Nanomedicines: Depicting human health risks hindering clinical translation

human health

Cecilia Van Cauwenberghe from Frost & Sullivan shares her expertise on the world of nanomedicines, with a special focus on depicting human health risks hindering clinical translation

By way of background, although nanomedicines hold the promise of contributing to provide therapeutically efficient and early-stage diagnostics accuracy, the clinical translation of nanomedicines face numerous challenges. Reproducible manufacturing, efficient scaling-up, appropriate formulation, accurate characterisation, in vivo instability and bioavailability, disease heterogeneity, epigenomic impact, potential toxicity, immune response, regulatory barriers, safety issues and ethical concerns, represent some of the multiple hurdles hindering the clinical translation of nanomedicines.

Furthermore, despite the vast number of opportunities in treating complex and rare diseases, including cancer, derived from the advent of nanomedicines development, the dichotomy between nanotechnology and nanotoxicology remains unresolved. Novel methods attempting to address this concern are emerging driven by the advent of new paradigm-shift approaches.

Nanomedicines overview: The nanoscale effect

Singular features and industry impact 

Engineered at an unparalleled small scale, nanomaterials display distinct chemical, physical and biological properties in comparison to those observed in the same compounds at a larger scale.

Consequently, it is these features that make nanomaterials extremely versatile and potentially applicable to all industries impacting upon modern lifestyle, including biomedicine. Nevertheless, the same properties could make nanomaterials increasingly unpredictable once interacting with other agents, especially where cells and tissues are concerned.

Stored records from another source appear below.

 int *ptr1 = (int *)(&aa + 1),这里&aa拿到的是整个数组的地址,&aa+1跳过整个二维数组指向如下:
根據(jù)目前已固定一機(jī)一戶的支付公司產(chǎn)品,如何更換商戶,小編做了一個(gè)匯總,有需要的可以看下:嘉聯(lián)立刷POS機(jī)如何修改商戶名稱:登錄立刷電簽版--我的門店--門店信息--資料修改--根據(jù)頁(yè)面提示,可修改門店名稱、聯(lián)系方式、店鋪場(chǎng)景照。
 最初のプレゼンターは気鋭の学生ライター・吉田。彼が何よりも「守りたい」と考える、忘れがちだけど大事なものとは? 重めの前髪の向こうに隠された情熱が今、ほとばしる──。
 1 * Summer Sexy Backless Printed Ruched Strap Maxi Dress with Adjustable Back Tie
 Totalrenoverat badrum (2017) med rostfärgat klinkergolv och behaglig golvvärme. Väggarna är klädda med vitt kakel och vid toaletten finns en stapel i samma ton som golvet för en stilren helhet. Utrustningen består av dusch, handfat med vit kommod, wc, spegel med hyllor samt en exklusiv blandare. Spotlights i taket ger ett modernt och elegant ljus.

Nanomedicine constitutes a field of molecular medicine that exploits the ability to control individual properties and combined behaviour of atoms and molecules to build complex functional medicines, ranging from drug delivery vehicles, diagnostic and imaging technologies, analytical tools and theranostic platforms, among many other products, for their application in medicine (Vance et al., 2015; Sharma et al., 2017).

Regarding basic design, a nanomedicines library comprises of a combinatorial approach based on:
1) Size, ranging from 1 to 100 nanometers (nm)
2) Shape, usually sheet, tube, fibre, sphere, cube
3) Surface, varying charge, crystalline structure, coatings, defects, impurities
4) Functionality, related to optical, electrical, mechanical, or chemical behaviour. Regarding targeting design, nanomedicines can be structurally, chemically and thermodynamically built to carry small molecules, genes, antibodies, peptides, or radioactive materials, either inside or at their functionalised surface.

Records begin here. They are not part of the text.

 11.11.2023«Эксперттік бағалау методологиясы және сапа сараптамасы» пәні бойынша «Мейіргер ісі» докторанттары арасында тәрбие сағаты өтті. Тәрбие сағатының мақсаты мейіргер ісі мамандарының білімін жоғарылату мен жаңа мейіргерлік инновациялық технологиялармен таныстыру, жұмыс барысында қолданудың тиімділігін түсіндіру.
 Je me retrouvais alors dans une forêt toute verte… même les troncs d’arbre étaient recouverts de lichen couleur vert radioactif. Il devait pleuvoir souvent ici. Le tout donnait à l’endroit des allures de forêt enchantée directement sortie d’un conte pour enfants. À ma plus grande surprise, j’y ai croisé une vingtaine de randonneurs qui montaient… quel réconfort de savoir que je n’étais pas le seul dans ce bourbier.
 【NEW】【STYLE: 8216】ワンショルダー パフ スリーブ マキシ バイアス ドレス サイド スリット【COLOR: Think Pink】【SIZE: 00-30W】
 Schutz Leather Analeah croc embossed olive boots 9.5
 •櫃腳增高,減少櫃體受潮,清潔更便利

Among the most commonly used nanomedicines, liposomes, polymers, metals and metal oxides and composites, can be cited. Ideally, nanomedicines respond to certain parameters, such as pH, temperature, or light, to trigger a controlled release of their payload. This controlled action also helps to protect both the host from unintended exposure to an active drug or compound and the drug or agent from being detected by the host’s surveillance system or being disintegrated by an adverse microenvironment. Therefore, a great specificity and fine-tuning control must be guaranteed (Etheridge et al., 2013).

Clinical validation: The nanotoxicity potential

Understanding complex biology

Overall, biological effects induced by nanomedicines are associated with their fluctuating, random and sometimes unstable physicochemical behaviour within tissue microenvironments. Naturally, through the complete past decade, notable efforts have been devoted to developing suitable in vivo, in vitro and in silico toxicity testing assays, intending to assess nanotoxicity. One of the first impediments found is related to nanomaterials insolubility and tendency to aggregate, which derives from all types of test sensitivity failures and significant interference with optical measurements, hence remarkably challenging test validation methods.

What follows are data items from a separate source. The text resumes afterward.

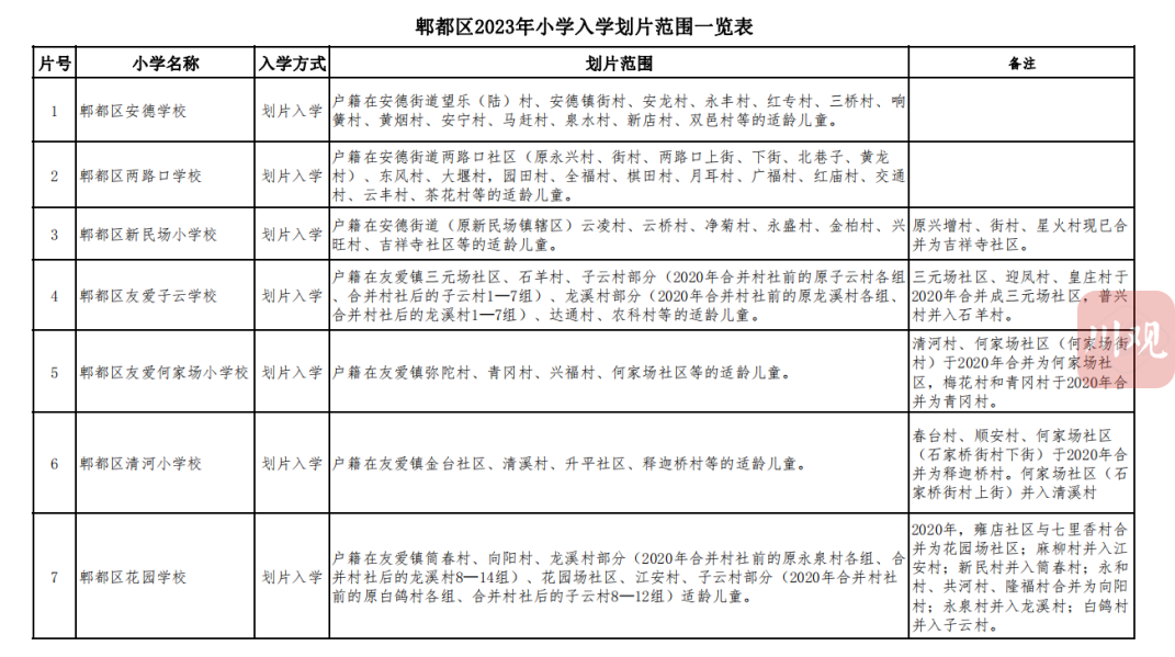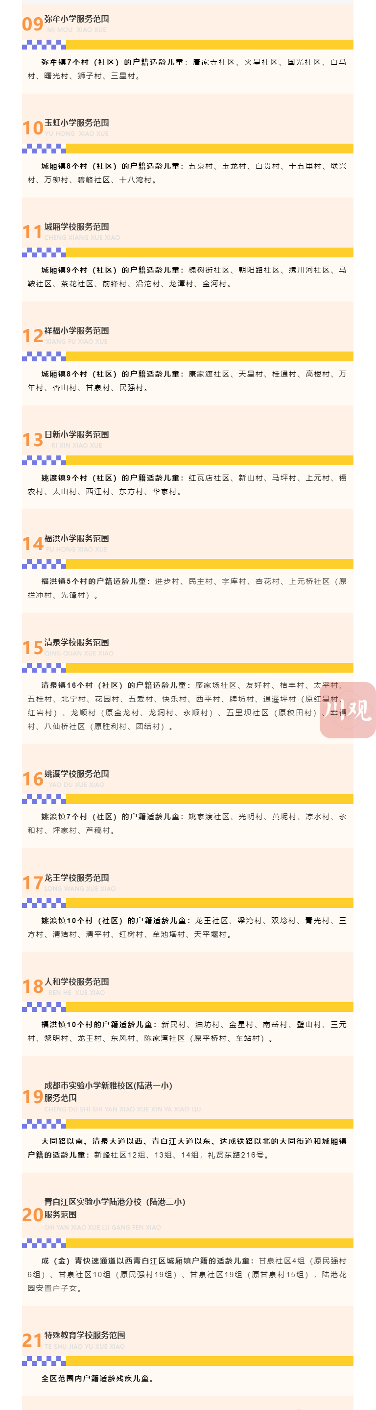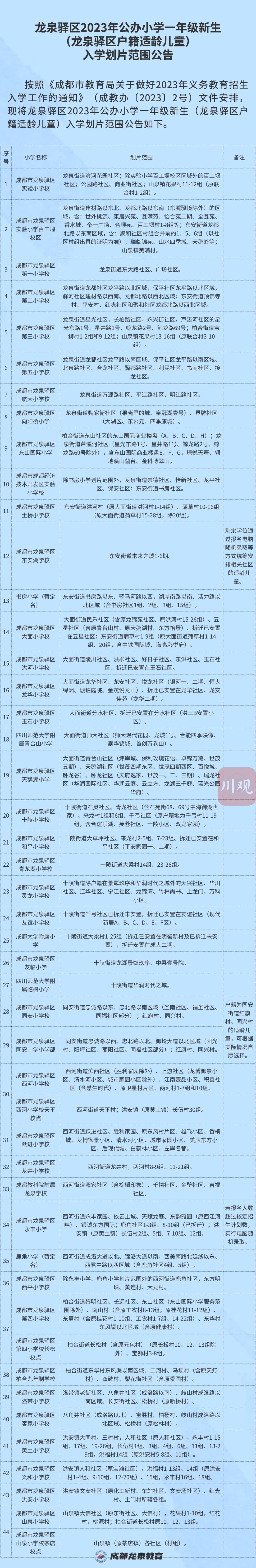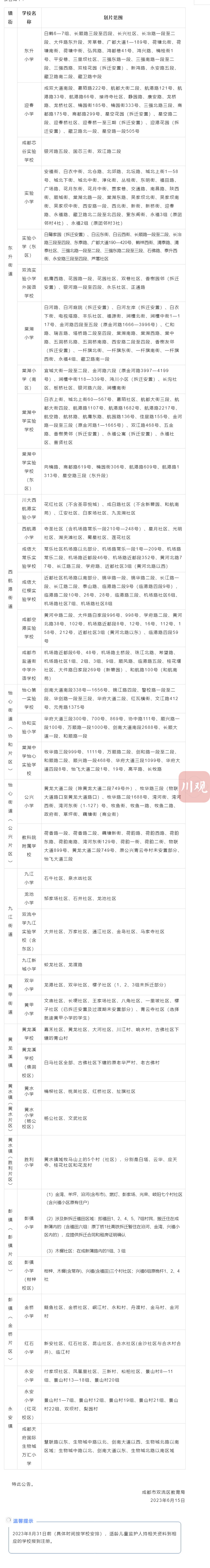 近日,成都部分区(市)县小学一年级新生入学划片范围公布,一起来看↓
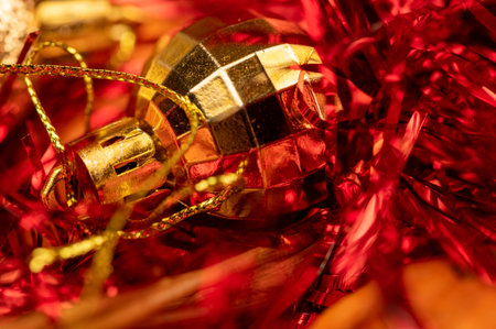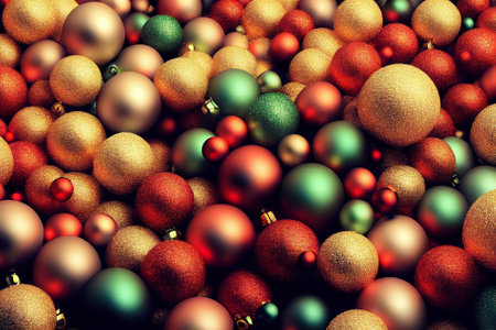 Christmas baubles background, close-up, top view.
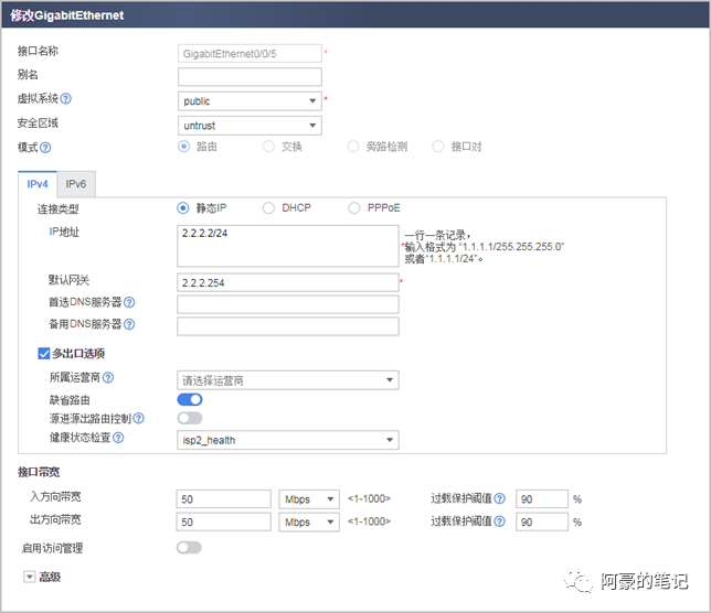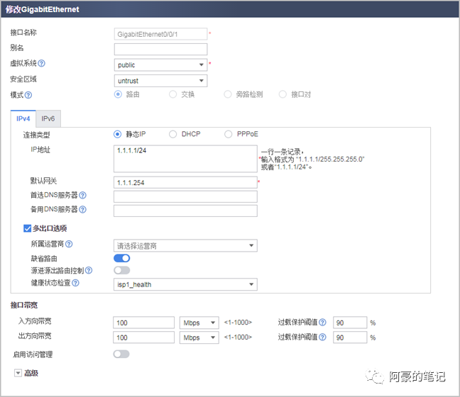 配置接口的IP地址、安全区域、网关地址、带宽和过载保护阈值,并在接口上应用健康检查。

Furthermore, the extremely high degree of variables because of a potentially unlimited set of nanomedicines constructions, along with the multiple biological functions and pathways impacted by each nanomedicine, make conventional test validation obsolete (Hare et al., 2017).

Accordingly, while the development and expectations of nanomedicines generally increase, a standard methodology for safety testing of nanomedicines and human health risk assessment is yet to be instituted.

Meanwhile, in vitro human cell culture models and in silico approaches combining molecular biology, artificial intelligence and adaptive omics data analytics, more oriented to mimic complex biology, are gaining attention.

Concerning epigenetic regulation

An aspect that cannot be ignored when analysing the human health risks of nanomedicines pertains to their interaction with the genetic material and potential induction of genotoxicity and mutagenicity. By mediating inflammatory responses and oxidative stress process, nanomedicines may trigger epigenetic modifications related to the onset of cancer. DNA methylation, histone modifications and interacting regulative non-coding RNAs, constitute the epigenetic mechanisms strictly regulating gene expression in both the normal and disease microenvironment (Van Cauwenberghe, 2018a).

Consequently, nanomedicines validation requires a solid demonstration of null nanomaterial-induced genotoxicity, that is, nanomedicines must not impair the expression of genes involved in DNA methylation reactions, methylation or acetylation of histones and/or expression of micro RNA (Smolkova et al., 2017).

Meeting artificial intelligence (AI)

Cellular functions are controlled by sophisticated communication routes and signalling pathways between cells, driven by knotty networks of genes, peptides, proteins and metabolites that interact with each other operating as messengers, sensors, regulators, promoters and/or inhibitors of internal and external signals (Halappanava et al., 2017).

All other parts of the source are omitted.